*PROBLEM*
An exact, complete copy of the entries below is required, minus any pictures.

*THE INPUT*
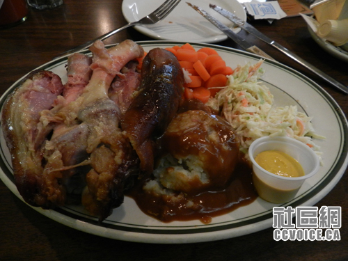 肘子分量很足,满盘都是大块,我和老伴合吃一份,以免胆固醇超标。老朱说,如果是在家里,这一盘得吃好几天。我们招待Don独用一份,他开车辛苦了。每客$14.95,加税13%和小费,再加啤酒,每客不到$20。我们离开时就盘算什么时候再来呢!
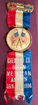 For the sons of Civil War Veterans, a sort of junior GAR. Bronze top bar with "21st Annual Encampment Commandery-in-Chief Sons of Veterans U.S.A. Washington, D.C. Oct. 7-8-9-10, 1902" . Yellow silk ribbon, printed in gold with S of V coat of arms and a bronze drop in the shape of the U.S. Capitol building. Approx. 4 1/4" in length. | SALE $ 22.00 |
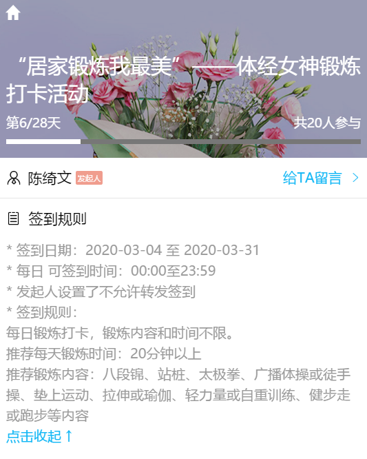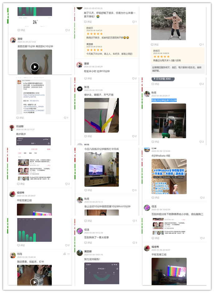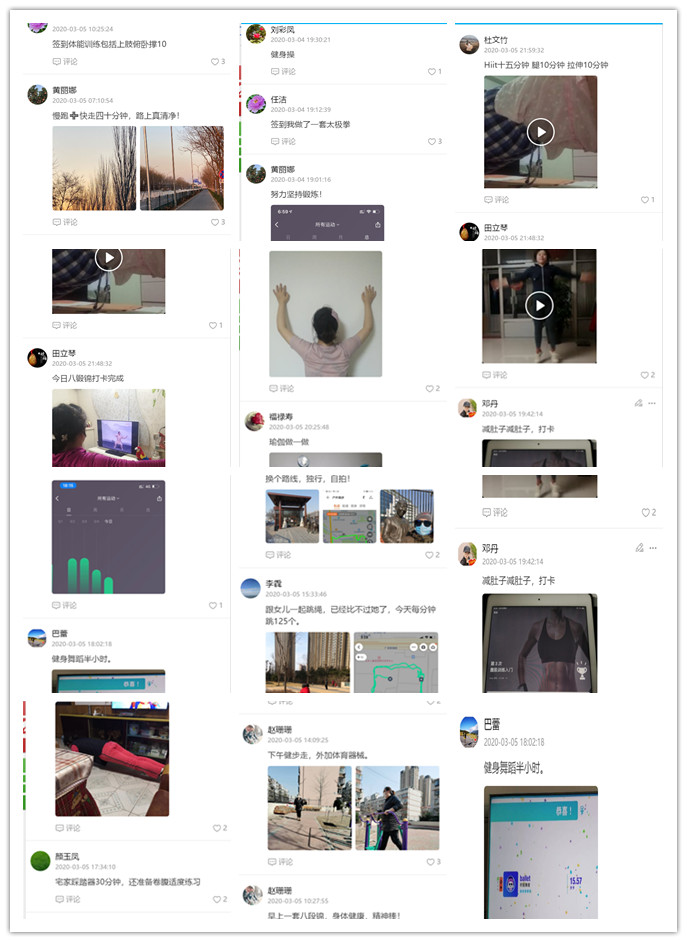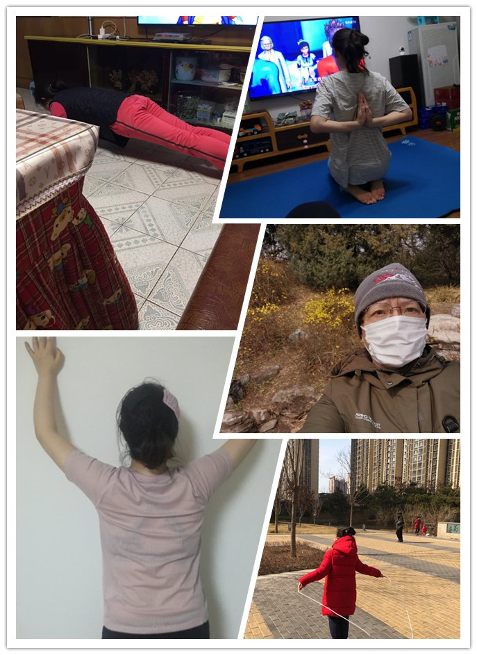 本次活动自2020年3月4日开始,新葡萄官网20(共23)名女教工人积极参与到本次活动中。大家根据自己的爱好,因地制宜,通过开展不同的运动来锻炼身体,积极打卡,传递出积极向上的精神状态。
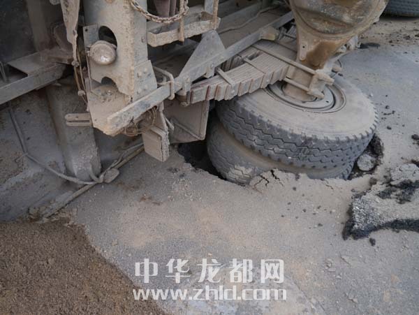 記者看到,貨車后輪處的路面被壓了個大坑,車輪陷在里面(小圖)。
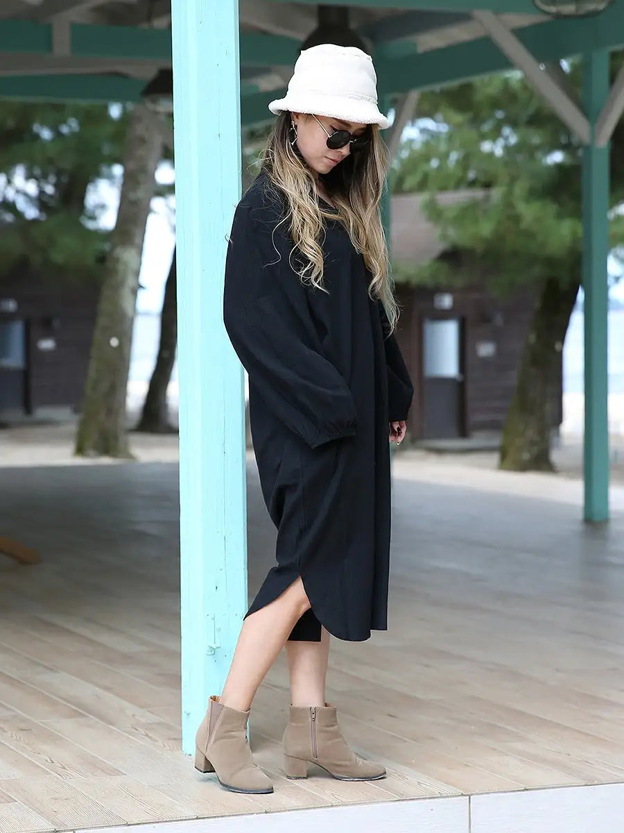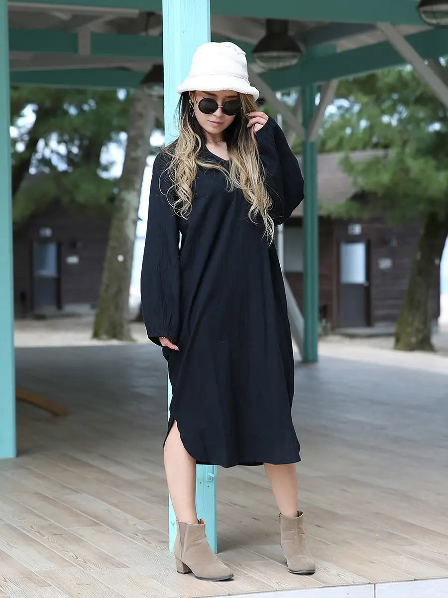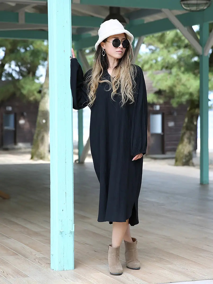 roomy by the sea(ルーミーバイザシー)シンプルな長袖ミモレ丈ワンピース
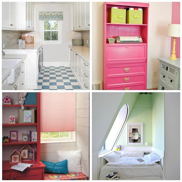 If you are unsure and want to experiment, find an out-of-the-way spot such as a laundry room or a bathroom or an alcove that offers the chance to go a little wild and see what happens. How about a multi-colored checkered floor, big bright clothes baskets or a shocking pink bookcase. Be whimsical and brave when no one else but you, the dog, the heroine in your novel or the dirty laundry are looking (maybe laughing, too)!
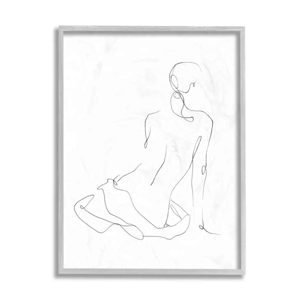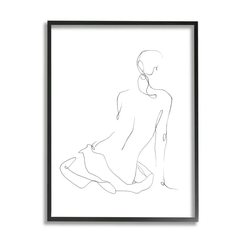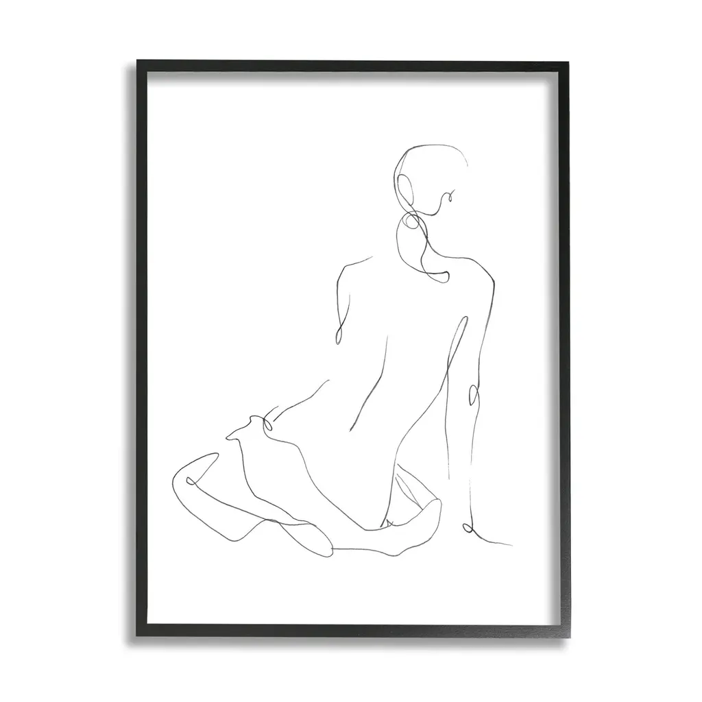 Stupell Minimal Female Gesture Linework Figure Sketch Framed Wall Art - 11 X 14 - Black
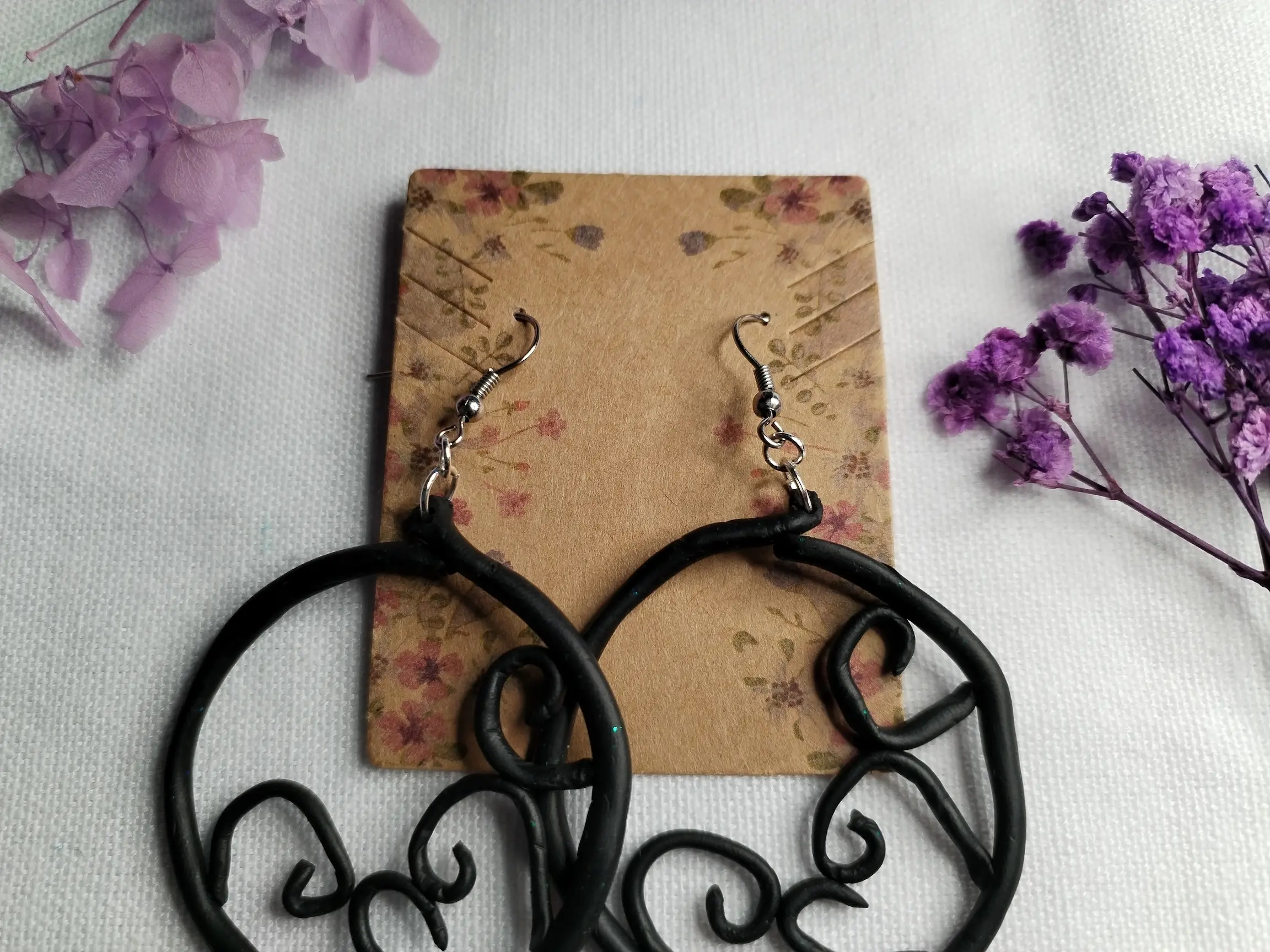 Whispers of the Forest – Handgemachte schwarze Ohrringe aus Polymer Clay
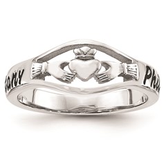 Sterling Silver Rh-plt Casted High Polish with Antique Letter Claddagh Ring
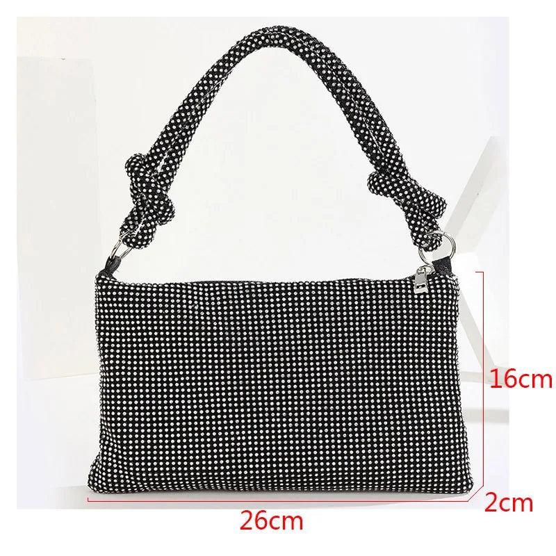 Stand out at your next event with this stunning shoulder bag adorned with shining rhinestones. Perfect for parties and special occasions.

*EXERCISE SOLUTION*
 肘子分量很足,满盘都是大块,我和老伴合吃一份,以免胆固醇超标。老朱说,如果是在家里,这一盘得吃好几天。我们招待Don独用一份,他开车辛苦了。每客$14.95,加税13%和小费,再加啤酒,每客不到$20。我们离开时就盘算什么时候再来呢!
 For the sons of Civil War Veterans, a sort of junior GAR. Bronze top bar with "21st Annual Encampment Commandery-in-Chief Sons of Veterans U.S.A. Washington, D.C. Oct. 7-8-9-10, 1902" . Yellow silk ribbon, printed in gold with S of V coat of arms and a bronze drop in the shape of the U.S. Capitol building. Approx. 4 1/4" in length. | SALE $ 22.00 |
 本次活动自2020年3月4日开始,新葡萄官网20(共23)名女教工人积极参与到本次活动中。大家根据自己的爱好,因地制宜,通过开展不同的运动来锻炼身体,积极打卡,传递出积极向上的精神状态。
 記者看到,貨車后輪處的路面被壓了個大坑,車輪陷在里面(小圖)。
 roomy by the sea(ルーミーバイザシー)シンプルな長袖ミモレ丈ワンピース
 If you are unsure and want to experiment, find an out-of-the-way spot such as a laundry room or a bathroom or an alcove that offers the chance to go a little wild and see what happens. How about a multi-colored checkered floor, big bright clothes baskets or a shocking pink bookcase. Be whimsical and brave when no one else but you, the dog, the heroine in your novel or the dirty laundry are looking (maybe laughing, too)!
 Stupell Minimal Female Gesture Linework Figure Sketch Framed Wall Art - 11 X 14 - Black
 Whispers of the Forest – Handgemachte schwarze Ohrringe aus Polymer Clay
 Sterling Silver Rh-plt Casted High Polish with Antique Letter Claddagh Ring
 Stand out at your next event with this stunning shoulder bag adorned with shining rhinestones. Perfect for parties and special occasions.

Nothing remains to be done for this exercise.